Raza A, Yousuf N, Bokhari S, Abbas A, Lampkin B, Pancoast J, Bismayer J, Siegrist C, Browman G, Bennett J, Goldberg J, Grunwald H, Larson R, Tricot G, Vogler R, Gartside P, Preisler H
CHILDRENS HOSP MED CTR,CINCINNATI,OH 45229. BETHESDA OAK HOSP,CINCINNATI,OH. CHRIST HOSP,CINCINNATI,OH 45219. HAMILTON CIVIC HOSP,HAMILTON,ON,CANADA. UNIV ROCHESTER,CTR CANC,ROCHESTER,NY 14627. COOPER HOSP UNIV MED CTR,CAMDEN,NJ. LONG ISL JEWISH MED CTR,JAMAICA,NY. UNIV CHICAGO,MED CTR,CHICAGO,IL 60637. INDIANA UNIV,INDIANAPOLIS,IN 46204. EMORY UNIV,ATLANTA,GA 30322.
Int J Oncol. 1993 Feb;2(2):301-7. doi: 10.3892/ijo.2.2.301.

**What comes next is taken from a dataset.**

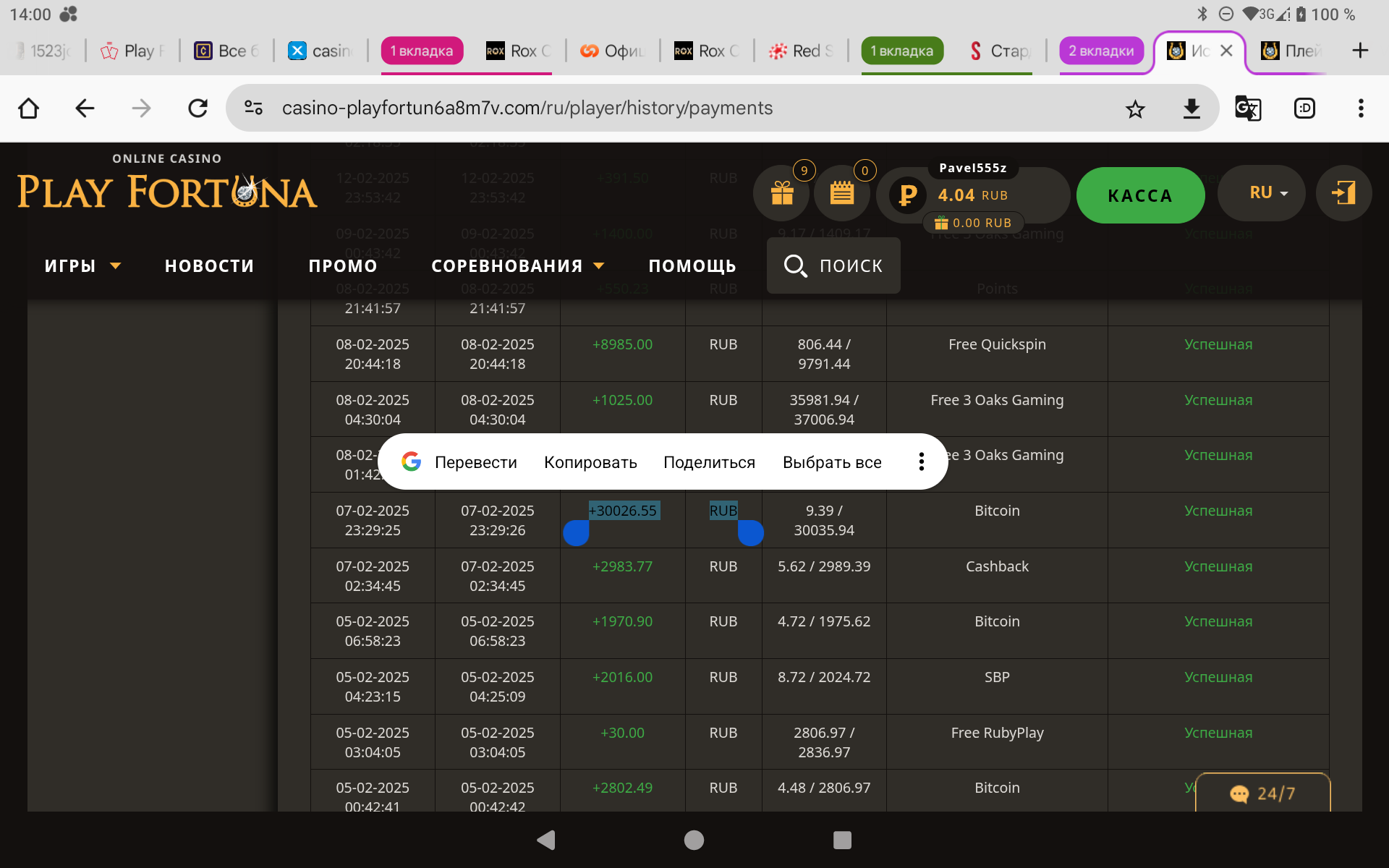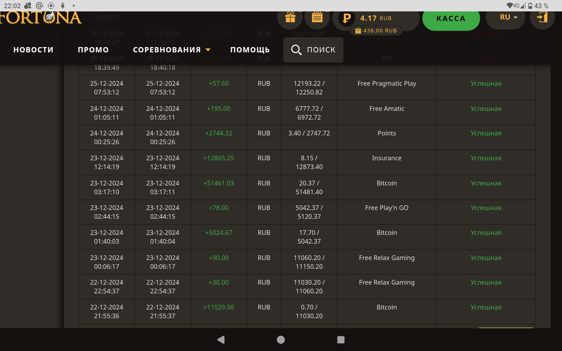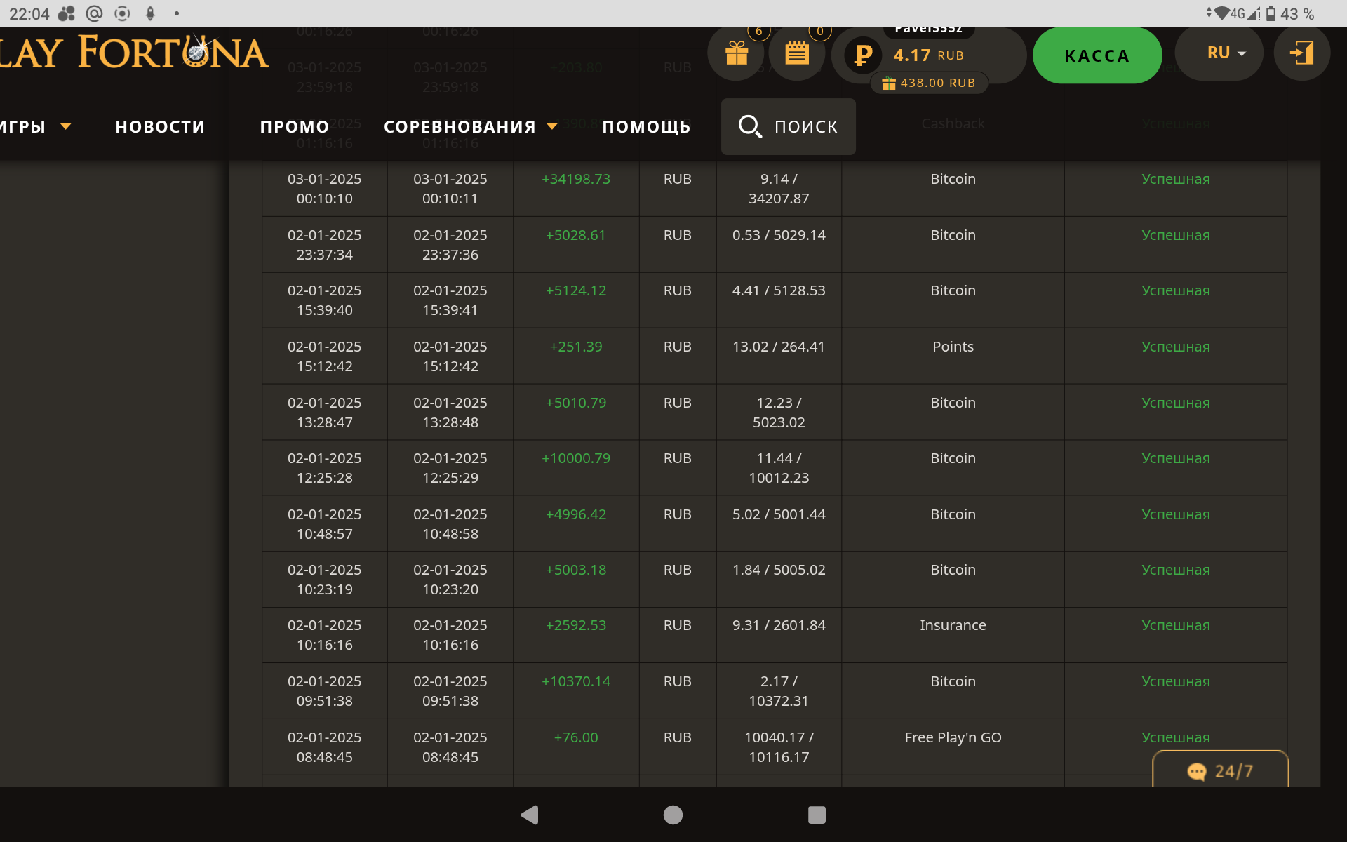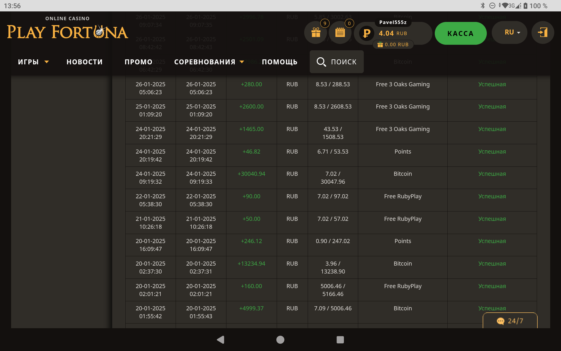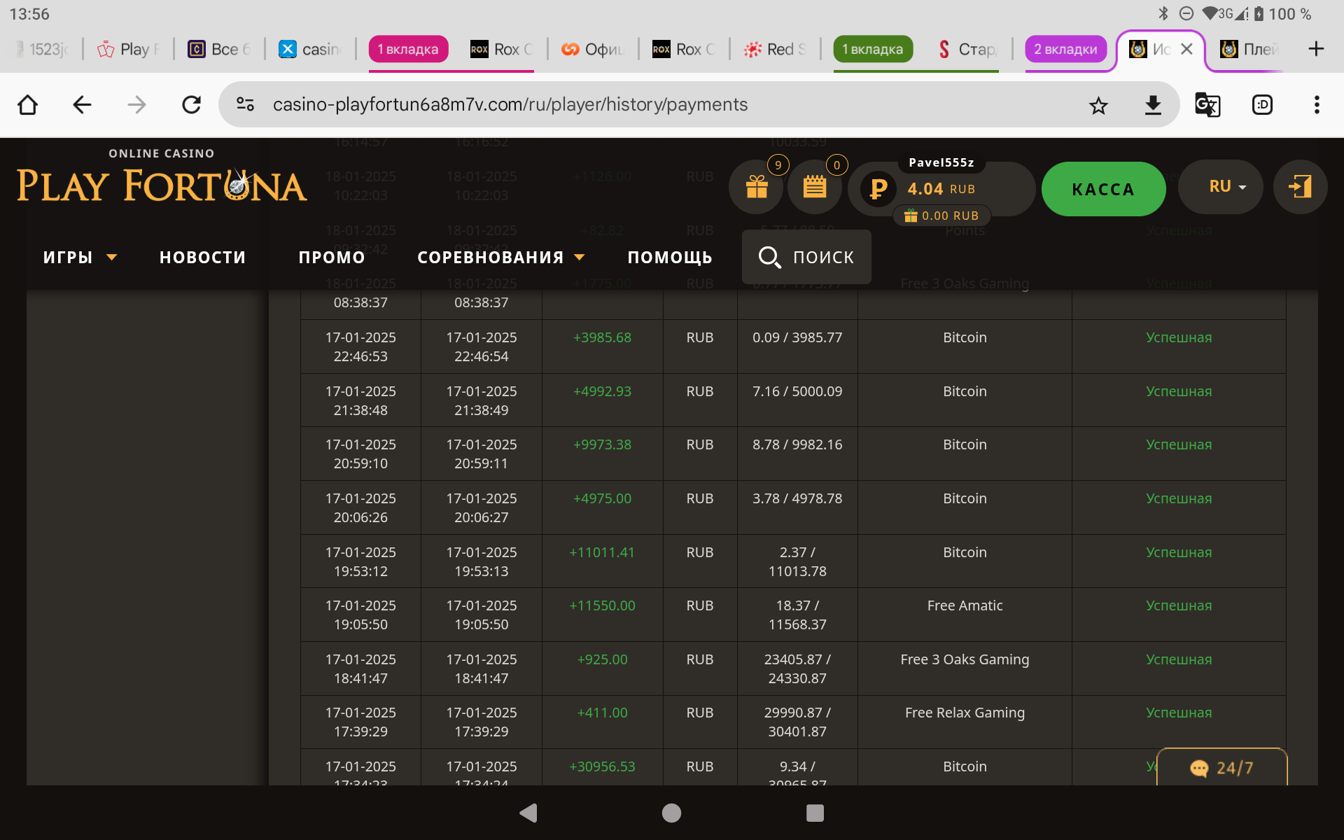 Депозит сделан 1января и тогда же он поступил на кошелек плей фортуны(в бы все видноя сумма есть на кошельке и поступила она минут за пять туда) однако сумму не закинули на баланс самого казино. В ТП взяли хэш и отправили на проверку в фин отдел, которая до сих пор идёт.

Prognostic factors were related to remission duration among 179 standard risk newly diagnosed acute myeloid leukemia (AML) patients who received identical induction and consolidation therapies. Following a bromodeoxyuridine infusion, labeling indices of bone marrow aspirate/biopsy, durations of S-phase and cell cycle (Tc) were determined. Patients with slowly cycling myeloblasts had longer remissions (Log rank p=0.03) than those with rapidly cycling myeloblasts. Multivariate analysis demonstrated that both WBC and Tc contributed to remission duration (p=0.01 and 0.005 respectively). Patients with slowly proliferating leukemias have longer remissions probably due to slower regrowth of leukemia between chemotherapy courses.